The victims in the mountainous community were a woman and a child, according to a civil protection report.
The US-based National Hurricane Center (NHC) said in an afternoon update that the storm was about 110 kilometers (70 miles) from the resort city of Acapulco and was registering sustained winds of 55 kilometers per hour (35 mph).
The impending storm caused jitters among residents of Acapulco, where memories are still fresh of Hurricane Otis, a scale-topping Category 5 storm that left a trail of destruction and several dozen people dead in October last year.
Authorities were taken by surprise when Otis rapidly intensified within hours from a tropical storm to the most powerful category on the five-step Saffir-Simpson scale.

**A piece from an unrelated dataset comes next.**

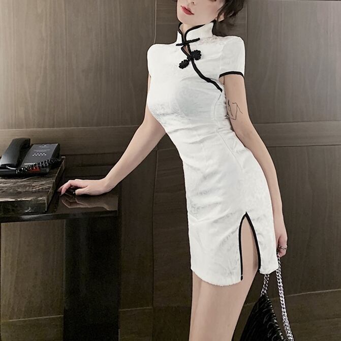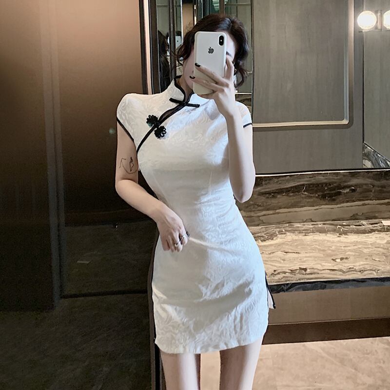 ミニ丈チャイナドレス ワンピース ドレス ミニ ミニ丈 袖あり 半袖 ハイネック スリム タイト 細身 ストレート スリット 大人スタイル チャイナドレス 大人可愛い きれいめ 大人 おしゃれ アジアン エキゾチック 大人女子 個性的 クール セクシー エレガント 主役級 存在感 柄 春 夏 誕生日 謝恩会 結婚式 二次会 披露宴 ハロウィン 10代 20代 30代 40代 レディース ママ 女の子 お出かけ パーティー イベント 着回し スタイル モテ S M L サイズ コンパクト タイトデザイン

Marta Sotelo told AFP her nerves were frayed as winds blew in, in the same way as Otis had, with "raised dust, metal sheets, everything."

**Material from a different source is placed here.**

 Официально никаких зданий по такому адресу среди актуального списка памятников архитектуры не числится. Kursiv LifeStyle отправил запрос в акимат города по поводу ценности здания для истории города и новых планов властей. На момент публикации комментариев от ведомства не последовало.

"The children became hysterical," she told AFP, adding that she and her relatives preferred to wait out John in a shelter.
Flash flooding
The southern states of Guerrero and Oaxaca have been hardest hit by the storm, and thousands of military and emergency personnel have been deployed.
Some 300 shelters have been set up to aid residents in high-risk areas.

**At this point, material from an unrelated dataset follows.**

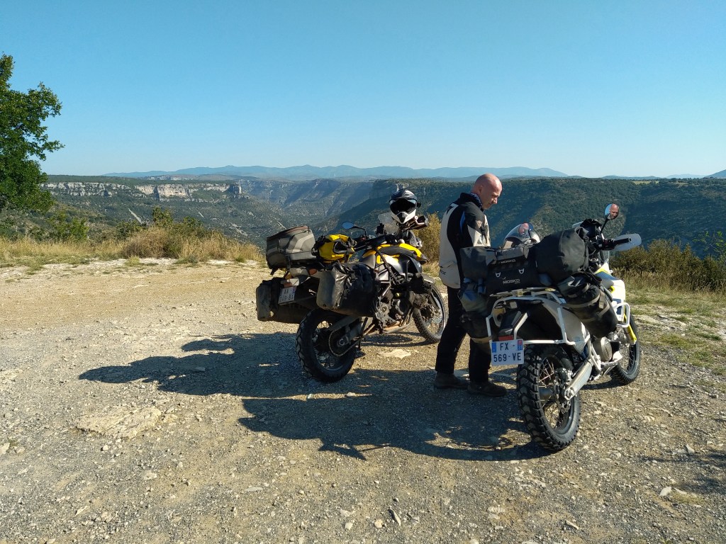Une fois extrait de la circulation de la métropole toulousaine, nous attaquons rapidement les petites départementales du Tarn, de l’Aveyron et de la Lozère. Nous enroulons les virages à un rythme soutenu et, le tout, sous un soleil radieux. Tout va pour le mieux. La Lozère et l’Ardèche sont avalées d’une traite ponctuées par les inévitables arrêts ravitaillement. Le sourire semble directement proportionnel au nombre de virages enchainés et aux paysages toujours aussi enchanteurs de ces contrées.

The governor, Salgado, said towns in Guerrero had registered heavy rainfall, road closures, power outages and the suspension of classes.
Oaxaca has seen fallen trees in several municipalities and road damage. Airports in the region's resort towns of Huatulco and Puerto Escondido have suspended operations.
The NHC had warned that while John has been downgraded, there remained a risk of "significant and possibly catastrophic, life-threatening flash flooding and mudslides" in the southern states of Chiapas, Oaxaca and Guerrero.
Through Thursday, John was forecast to produce up to 15 inches of rain in parts of Chiapas, and nearly double that in areas of Oaxaca and Guerrero, it said.
"John is producing extraordinary rains (greater than 250 mm or 9.8 inches) in Oaxaca and Guerrero; torrential rains in Chiapas," the National Civil Protection agency said in a post on X early Tuesday.
The agency had issued a red alert on Monday, telling people to stay indoors and keep away from windows.
President Andres Manuel Lopez Obrador told his morning press conference that John "was a strong phenomenon, with a lot of rain."
He had earlier urged people living along the affected coastline to be prepared.
"Seek higher ground, protect yourselves and do not forget that the most important thing is life; material things are replaceable," he wrote on X.
Hurricanes hit Mexico every year on both its Pacific and Atlantic coasts, usually between May and November.
Last July, the Mexican Caribbean was hit by Hurricane Beryl, which forced the evacuation of hundreds of tourists and caused at least 18 deaths on Caribbean islands, in Venezuela and the United States.
On Tuesday, Tropical Storm Helene formed in the Caribbean and the NHC warned it could become a hurricane off the coast of Mexico where the resorts of Cancun, the Riviera Maya and Tulum are located.